I built another workflow for syncing my newsletter archive. After I send a newsletter through my email platform, I save the text as a markdown file. It picks it up, formats it, and adds it to a Notion database where I track all past newsletters.

This keeps my archive organized without manual data entry.

What I’ve Learned About Using CLI As A Creator

This setup required some upfront effort. I spent a few hours installing CLI, linking my Google account, configuring MCP connections to Notion and WordPress, and writing a few custom scripts.

But once that was done, the daily time savings have been significant. I estimate I’m saving at least two hours per day on tasks that used to be manual.

I also use Claude too; it is currently the industry-standard for this kind of thing. But it is hella expensive, whereas Gemini has a very generous free tier (you can do most of everything I’ve talked about in this post without paying a penny to Google).

I’ve also learned that Gemini (like all LLMs) works best when you give it clear, specific instructions.

Vague requests like “improve this content” produce generic results. But if I say “read this draft, tighten the intro, remove passive voice, and format it for WordPress,” the output is accurate and useful.

Always lead with original ideas or your own spin on something; the days of cookie-cutter content are gone.
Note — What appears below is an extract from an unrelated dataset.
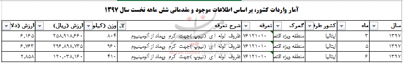 آمار مقدماتی گمرک از تجارت خارجی ۶ ماهه نخست سال ۹۷ نشان میدهد که در این مدت بیش از ۲ تن تیوپ کرم و پماد از آلومینیوم از یک کشور جهان وارد ایران شده است.

Keep it personal and to the point and use Gemini to tighten things up, spot any holes or gaps in your logic.

I’m not using Gemini for everything. I still write, edit, and make final creative decisions manually. And Claude is currently my number one right now. But Gemini is definitely a close second; it runs rings around ChatGPT.

If you do a lot of file management, content formatting, API interactions, and workflow automation, Gemini and Gemini CLI is well worth checking out. You can do a lot of cool stuff without ever paying any money, so it’s well worth the time investment.